-- Information provided follows --

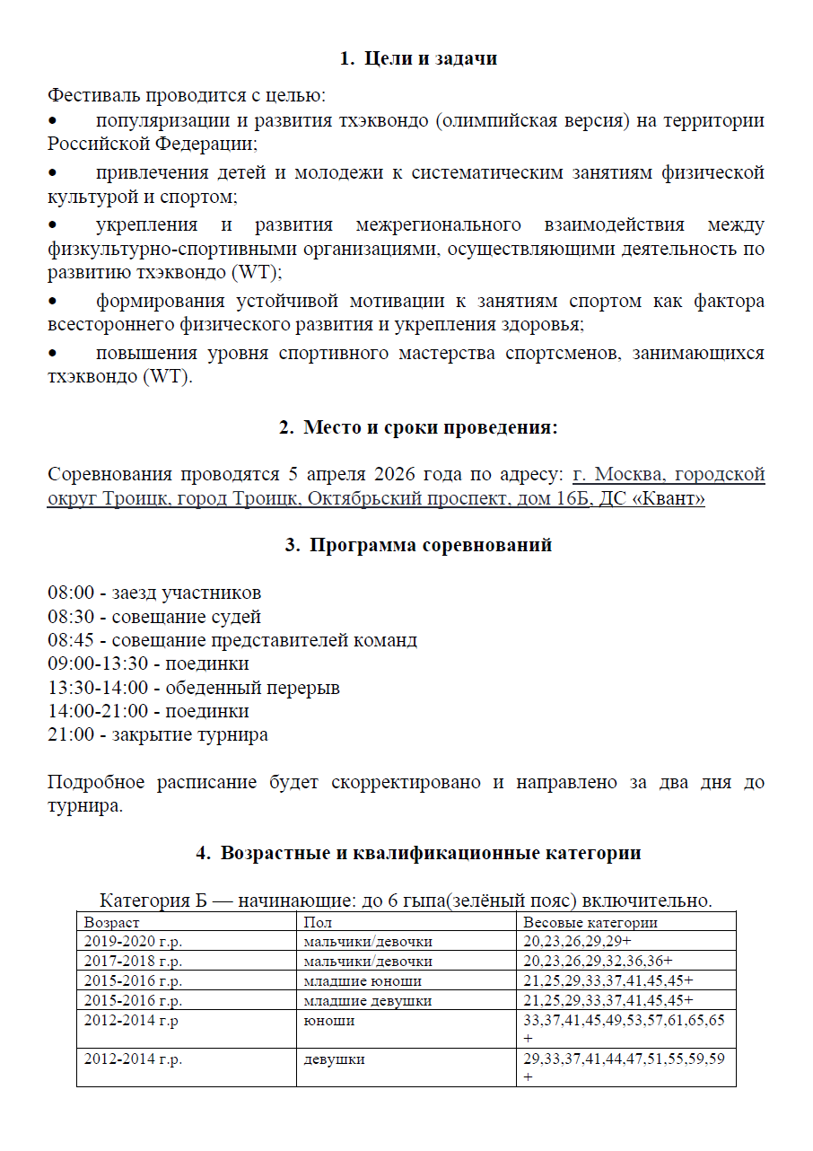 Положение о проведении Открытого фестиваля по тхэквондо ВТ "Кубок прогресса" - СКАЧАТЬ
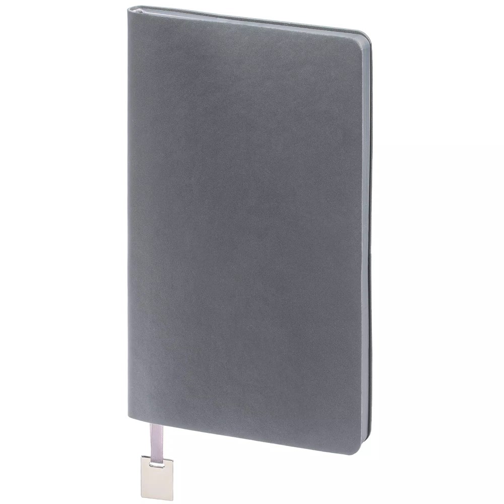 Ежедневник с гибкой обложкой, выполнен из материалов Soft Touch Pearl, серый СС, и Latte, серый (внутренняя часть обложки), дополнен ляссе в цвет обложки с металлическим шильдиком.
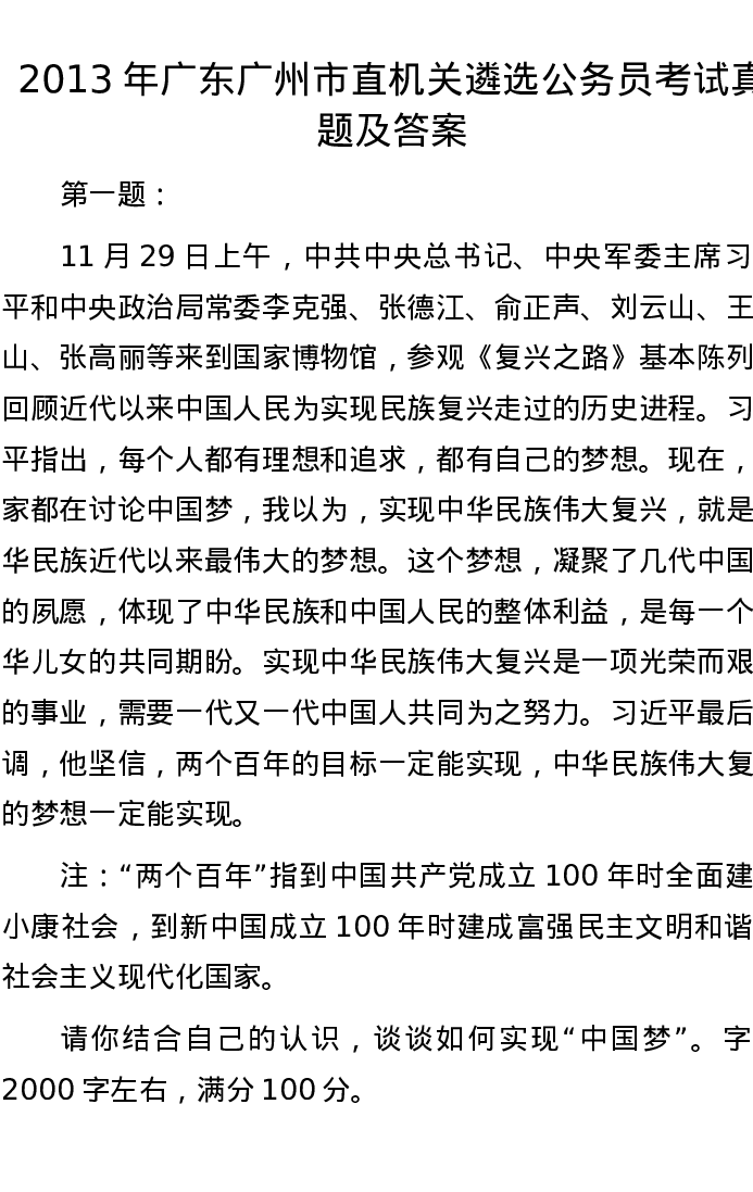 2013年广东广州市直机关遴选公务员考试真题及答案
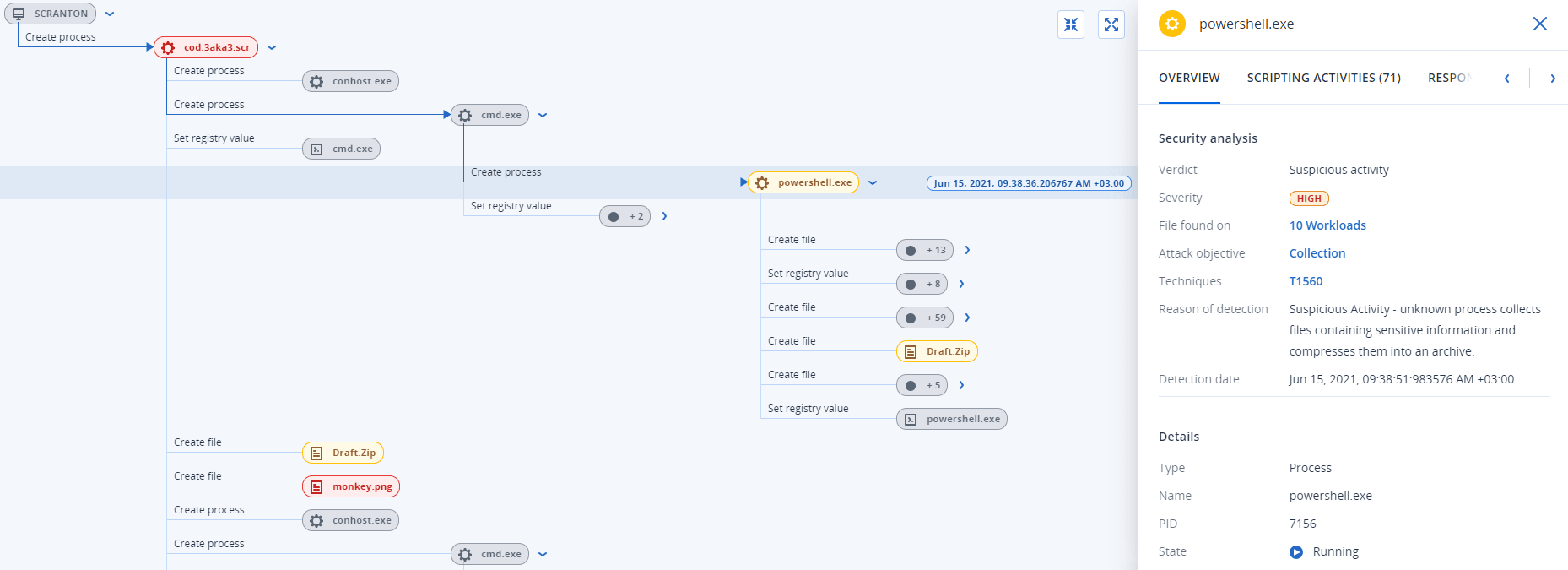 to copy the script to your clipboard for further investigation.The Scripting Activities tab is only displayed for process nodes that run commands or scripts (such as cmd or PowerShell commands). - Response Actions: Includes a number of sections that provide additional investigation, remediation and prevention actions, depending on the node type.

-- Information provided concluded --

How to complete this task ▸ Your reply should consist solely of the lines from the one containing "Ежедневник с гибкой" through the last line of the material, reproduced exactly and without pictures.

Written answer ▸
 Ежедневник с гибкой обложкой, выполнен из материалов Soft Touch Pearl, серый СС, и Latte, серый (внутренняя часть обложки), дополнен ляссе в цвет обложки с металлическим шильдиком.
 2013年广东广州市直机关遴选公务员考试真题及答案
 to copy the script to your clipboard for further investigation.The Scripting Activities tab is only displayed for process nodes that run commands or scripts (such as cmd or PowerShell commands). - Response Actions: Includes a number of sections that provide additional investigation, remediation and prevention actions, depending on the node type.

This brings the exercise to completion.